Актриса грубо, низко засмеялась и выключила верхний свет. Зыбкий, расплывчатый полумрак завладел гостиной, невесть откуда взялись живые шевелящиеся тени, потолок тоже обрел глубину, и там уселись за пиршественный стол непонятные взлохмаченные бесплотные существа; дух внезапного единенья и участия, еще слабый, тщедушный, родился в жаркой комнате, напитанной спорами, неутоленным тщеславием, духами, едой и желчью. Замечали ли вы, что порою бесстрастный электрический свет удручает нас невыносимо, заливая тоскою, и тогда хочется тут же стряхнуть с себя оцепенение; это наша натура томится по живому пламени, откуда на свет божий явилось все живое и со временем уйдет обратно. Только подвижный, колеблющийся, исполненный страсти и значенья свет, рожденный иль ночным костром, иль домашним очагом, крохотной керосиновой пиликалкой иль лучиною, вылепливает истинные обличья, выталкивая напоказ порочное, мелкое и суетное, что затаилось в наших грудных крепях; и вдруг вроде бы самое значительное лицо, обычно исполненное вальяжности, красоты и достоинства, принимает отталкивающее выражение грубостью, и напротив, скромный неприметный лик обретает словно бы когда-то утраченную прелесть и обаяние. Это творит с нашими лицами крохотное живое пламя, ничтожный огненный лепесточек, который возможно умертвить щепотью; он вызволяет на простор нашу душу. Вы пробовали спорить при свечах, когда всякое громкое слово кажется неискренним? Вам скорее всего захочется легко грустить, танцевать, петь и влюбляться…
– Веселья хочу, веселья! – вскричала актриса, подскочила к цыгану, взлохматила его голову, поцеловала в иссиня-черную макушку; Миша Панин запрокинул смуглое красивое лицо, влажными карими глазами сразу насулил тоскующей женщине предстоящих блаженств, ловко поймал ее по-мужски широкую толстопалую ладонь и, сладко зажмурившись, чмокнул. – Мишенька, что-то затосковалось совсем. Тряхни стариной, дружочек. К Яру-то не попасть, так здесь тряхнем стариною, а? Ну что мы набычились, как казенные подневольные люди!
Цыганская вдова Катя Панина с янтарной вязкой на рыхловатой низкой шее слегка улыбнулась, не теряя надменности и достоинства, едва заметно кивнула, дала знак.

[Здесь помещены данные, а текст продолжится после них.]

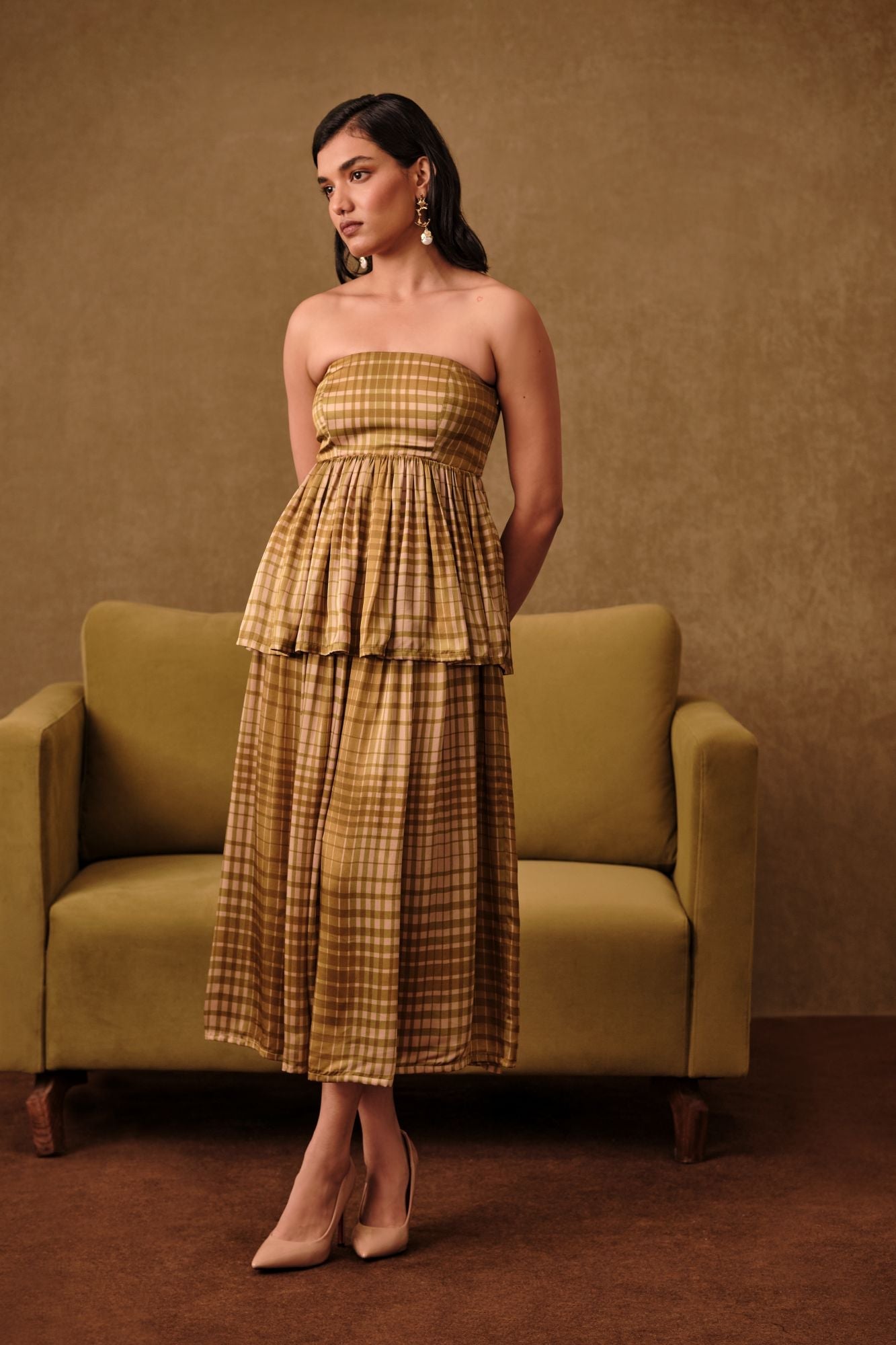 fitted bodice - gathered flare at waist - side conceal zip closure - back centre slit detail - digital printed checks

Миша сразу рассиялся, рассветился лицом, словно бы в груди зажгли тысячеваттную лампу, и две свечечки, маслянисто-желтые, встали торчком в его горячих глазах.
– Мы вольный народ, Наташенька. Без гимна, без значка, без знамени. Зато нас бог любит. Мама, нас бог любит.
– А пошто нас не любить? – лениво ответила цыганская вдова и оправила бусы, процедив их сквозь пальцы. Ей весь вечер было скучно, хотелось спать, и только сейчас она ожила: какой женщине не хочется вниманья и улыбки? Она даже черную паутинчатую накидку слегка присбила на затылок, освободив седые разномастные волосы.
– Нас за что бог полюбил? – Правой рукой Миша Панин длинно потянулся, не глядя нашарил за спиной гитару в чехле (она так и стояла возле, дожидалась весь долгий вечер своего блистательного часа) и важным, лениво-томным жестом распеленал, раздел оранжевое, волнистое тело, обласкал, как бы была она податливой верной любовницей. – За то и полюбил, что цыган пятый гвоздь украл и проглотил, когда Христа распинали нехристи, и тому в лоб гвоздя не досталось. С той поры цыгану напрасная божба не в науку, бог помнит добро и вранье прощает.
Цыган перебрал струны, пробуя тон и голос, и тут всякая душа в застолье вздрогнула и встрепенулась, напрочь забывая весь гнетущий разговор. Чужая незнаемая жизнь, многольстивая, обманчивая и обещающая, встала на пороге, и каждому уставшему человеку захотелось примерить ее к себе. Цыган завладел вниманием, и это его тоже задорило и позывало на розжиг. Сильные смуглые пальцы извлекли низкий бархатный звук, и жадно, сочно сверкнул в ответ богатый бриллиантовый перстень, когда-то так любимый покойным отцом. Есть, есть особая душа в этом народе и какая-то нераскрытая тайна, кою носят они, скитаясь по свету, дети матери-земли, словно бы в поисках счастливой обетованной страны; и этим блужданьем, своей постоянной веселостью и искренней заполошностью натуры, праздничностью жизни и неприхотливостью к усладам они постоянно возбуждают, травят нас, прикованных к очагу, и тогда глубоко затаенная мечта о непонятной воле обретает реальные видимые черты.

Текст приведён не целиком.